OK apologies for posting a derail.I’ve always struggled with maths and am really trying to follow this. I’ve enjoyed the discussion and explanations given but I I struggle to remember rules, I need to understand the concepts to make doing maths feel less arbitrary and frightening. Not knowing why you get something wrong or right is scary in life generally, to me anyway. Probably relates to people pleasing in some way.. anyway.

So I’m trying to conceptualise ‘the multiplier as the change-maker’ as this idea resonated with me. But what makes it it true that the multiplier is a number, which can be a positive or minus and then its change made will always be made on the sign of the result? (Hope I understood that correctly).

Also, is the ‘main number’ always going to be the first number that you get to in the question, and multiplier next in the sequence, when reading left to right?

Does this mean that for example -2 x -3 = 6?

I got there by making -2, 3 x more negative, making minus 6. Then I applied the rule that ‘the multiplier is the change maker’ and magically flipped it to a be minus 6. But I don’t know why it is the change-maker so I don’t feel secure in this understanding. Don’t want to magic my way through if it can be avoided.

Ah, I’m too old for number lines! I was taught dinosaur maths by dinosaur teachers and am well on my way to being a dinosaur myself.

I think there’s a really important issue of the social-emotional aspect of maths: seen mainly in girls imo but by no means exclusively. It’s desperately difficult to understated for some brain types, and that feeds into a vicious cycle of confidence and further lack of understanding. Some people just don’t think the way required to understand maths. I’m one of them. I can do it, have learned all the rules, got all the A grades, use it effectively in my daily life etc. But I never understood the “why” of it. I understood the logical steps in solving equations, and understood that at my level maths was absolute so getting the right answer was enough of an answer to why (why? Because it can’t be any other way, this is the way things work). But I never was able to picture it, reason it. Putting it in graph form; putting it in lines and curves etc - these were all just other ways of showing me that this is the way things are because look! They can’t be any other way! But that still didn’t explain why they couldn’t be any other way.

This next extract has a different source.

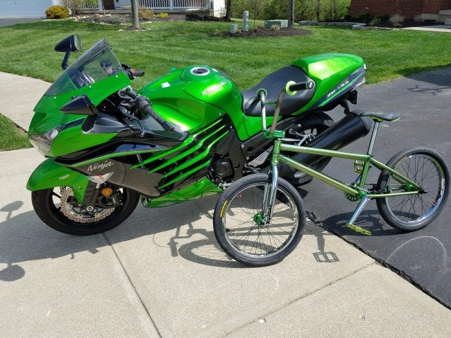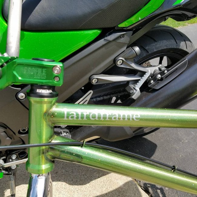The third-best thing about the frame, after the custom "Kraken" seat stay brace and bottle-opener chain stay brace, is something that I did not expect, because I didn't order it that way. I'd specified a Lamborghini lime green candy coat. Somehow the signals got crossed and I received "Emerald City". As you'll see in the photo below the jump, it's really handsome. Click to see the bike and to catch up on last week's contributions.

Tbh I’m not that much further along in my understanding as a near-dinosaur now…

Oh! That’s actually very helpful, thanks. I will try and remember that, and the double-negative language example someone else posted.

It’s mad how I get instantly choked up and hot when trying to understand anything maths.

@RunsWithDinosaurs Actually, maths is full of arbitrary rules and procedures, some of which are so deeply entrenched that we don't think about them. Some of them are centuries-old debates. Here are some examples:

• Why do we use ten digits, giving us base ten? It's believed this is because we have ten fingers. But actually, ten is quite inconvenient mathematically, because it can only be divided by 2 and 5, and lots of fractions don't give neat decimals. If you think about it, lots of old systems of weights and measures do not use the awkward 10: ounces in a pound, inches in a foot, and so on. Computers do not count in base 10, preferring base 2, or base 16.
• The ancient Greeks thought that 1 was not a number: it was the "unit" from which all numbers rose. When we say "a number of things", we nearly always mean more than 1.
• By convention, 1 is not a prime number. There are many reasons for this, one of which is "a prime number has exactly two factors".
• Centuries ago, there was debate about whether 0 was a number. A long time ago, in numbers such as 106, a space would be used instead of the digit 0. The Romans did not use 0.
• There are endless arbitrary rules and procedures in statistics, compared with "pure" maths.
• With Roman numerals, the convention of shortening them by writing four as IV instead of IIII was probably not used by the Romans themselves, and did not catch on until the invention of printing.
• There are numbers which are called "weird" numbers, which are rare. Sometimes I tell more able children what "weird" numbers are, and nobody actually knows whether an odd weird number exists, or has been able to prove that none exist. (I'll explain what a weird number is if anyone is curious.)